What needs to be done |
Line by line, repeat the material below exactly and skip the images.

Data section |
[Start of section]
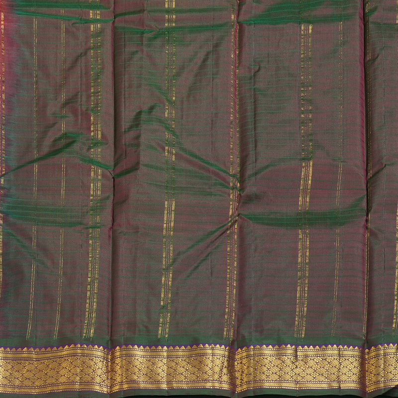 A dark maroon Kanjivaram Silk Saree featuring striking lines across the body and a rich purple border. An exquisite saree that exudes sophistication, perfect for weddings and traditional events.
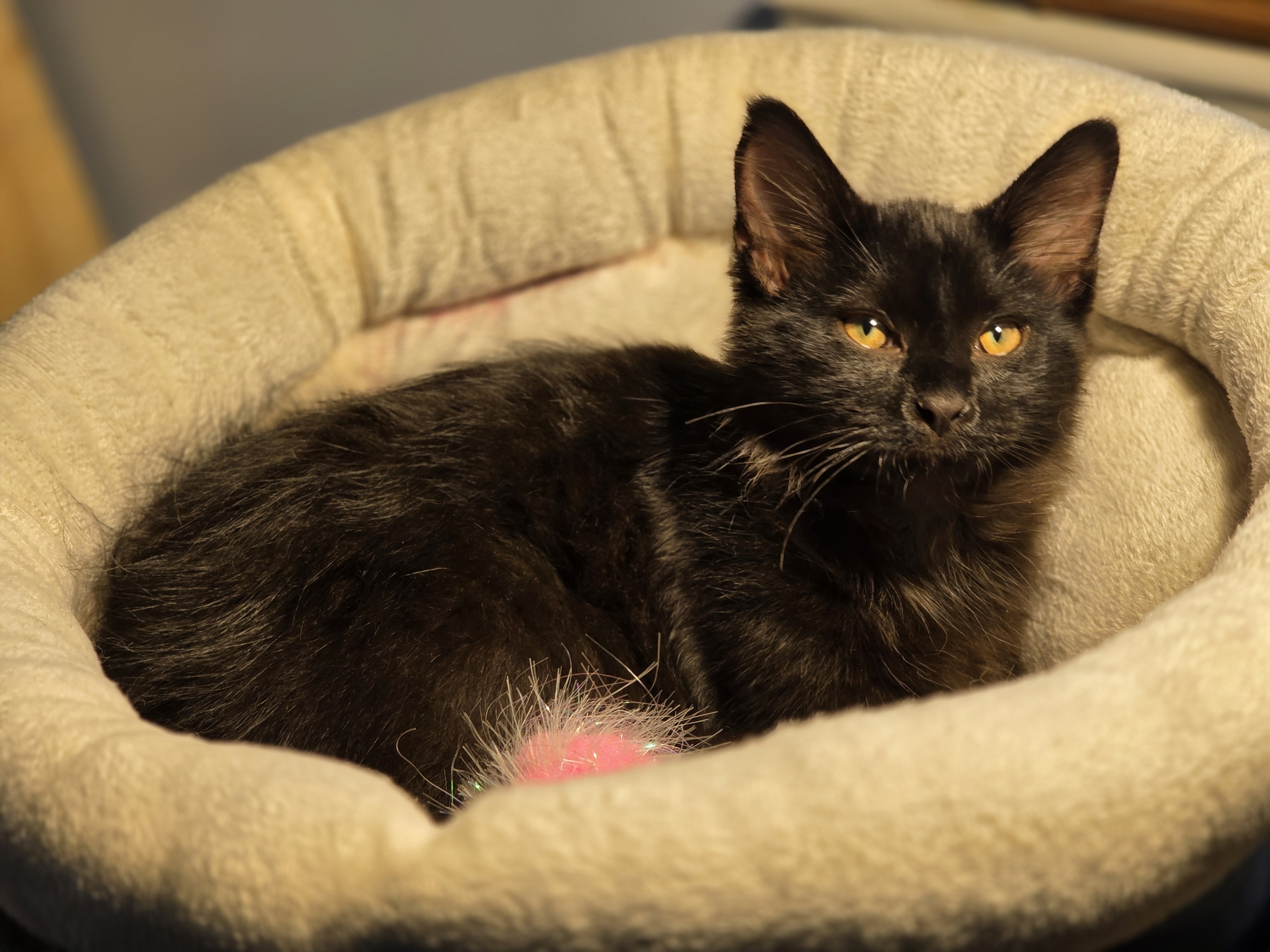 This sweet girl is a cuddle bug who also knows how to keep herself entertained with her playful, vocal personality. She loves to explore her surroundings, purr her way into your arms, and follow you around for affection and fun.
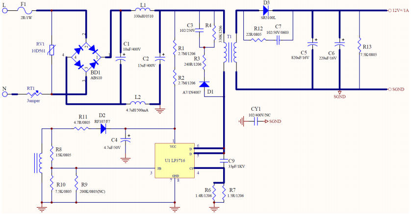 LP3716用自供電PSR架構(gòu),把高壓啟動、環(huán)路補(bǔ)償、保護(hù)邏輯全部集成,外圍僅5顆器件,單層板過EMI,83%效率,75mW待機(jī)。下次再畫“小家電輔助電源”、“路由器12V適配器”、“智能插座內(nèi)置電源”,直接抄這份參考設(shè)計(jì)——一顆LP3716,讓反激電源設(shè)計(jì)回歸“極簡主義”。
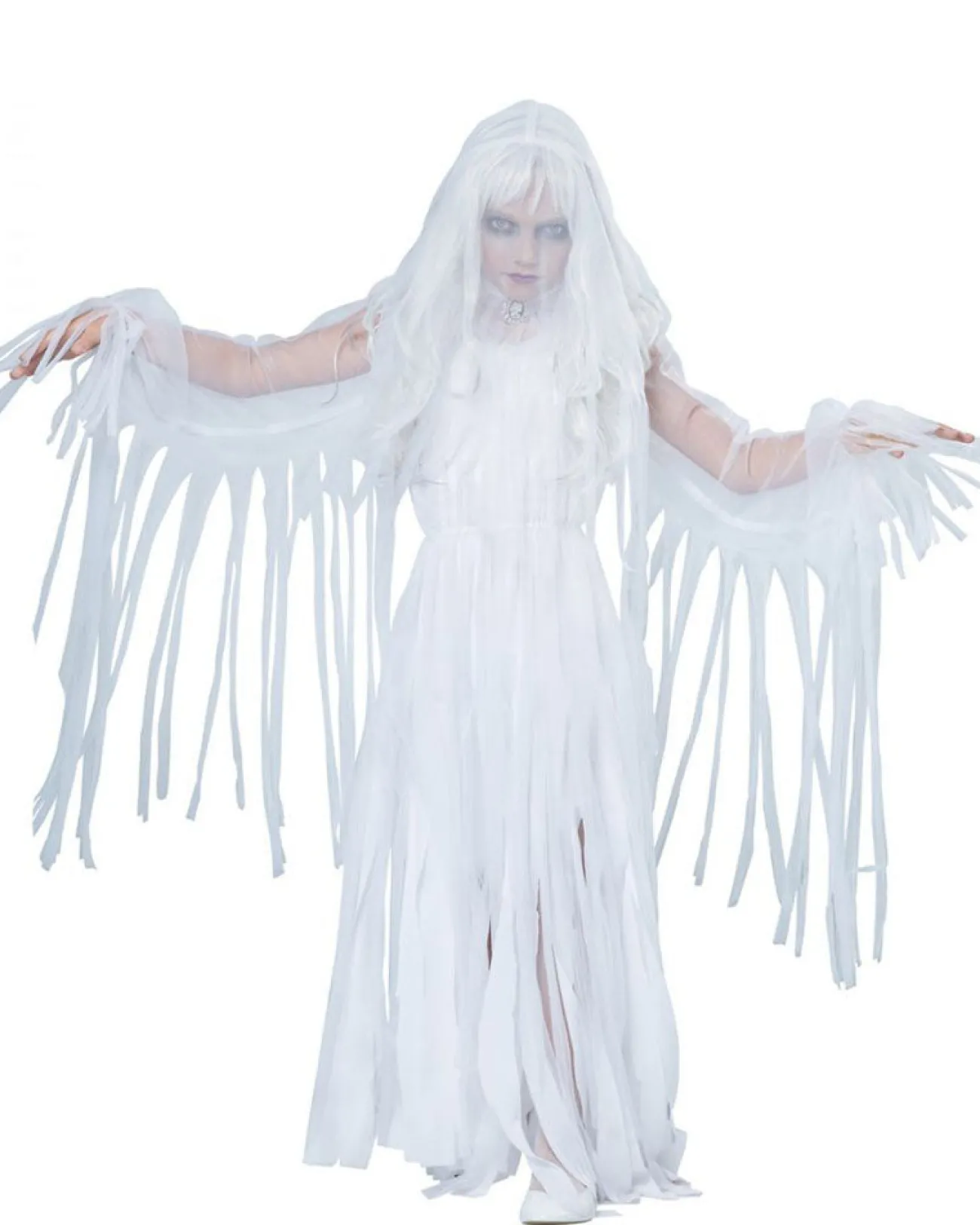 Your Girl Will Look Haunting This Halloween In The Eerie Ghostly Girls Costume. This Costume Comes With A White Mesh Overdress With Flowing Fabric Strip Sleeves And A Detachable Hood, A White Under Dress And A Brooch To Complete The Look.
[End of section]
Response area |
 A dark maroon Kanjivaram Silk Saree featuring striking lines across the body and a rich purple border. An exquisite saree that exudes sophistication, perfect for weddings and traditional events.
 This sweet girl is a cuddle bug who also knows how to keep herself entertained with her playful, vocal personality. She loves to explore her surroundings, purr her way into your arms, and follow you around for affection and fun.
 LP3716用自供電PSR架構(gòu),把高壓啟動、環(huán)路補(bǔ)償、保護(hù)邏輯全部集成,外圍僅5顆器件,單層板過EMI,83%效率,75mW待機(jī)。下次再畫“小家電輔助電源”、“路由器12V適配器”、“智能插座內(nèi)置電源”,直接抄這份參考設(shè)計(jì)——一顆LP3716,讓反激電源設(shè)計(jì)回歸“極簡主義”。
 Your Girl Will Look Haunting This Halloween In The Eerie Ghostly Girls Costume. This Costume Comes With A White Mesh Overdress With Flowing Fabric Strip Sleeves And A Detachable Hood, A White Under Dress And A Brooch To Complete The Look.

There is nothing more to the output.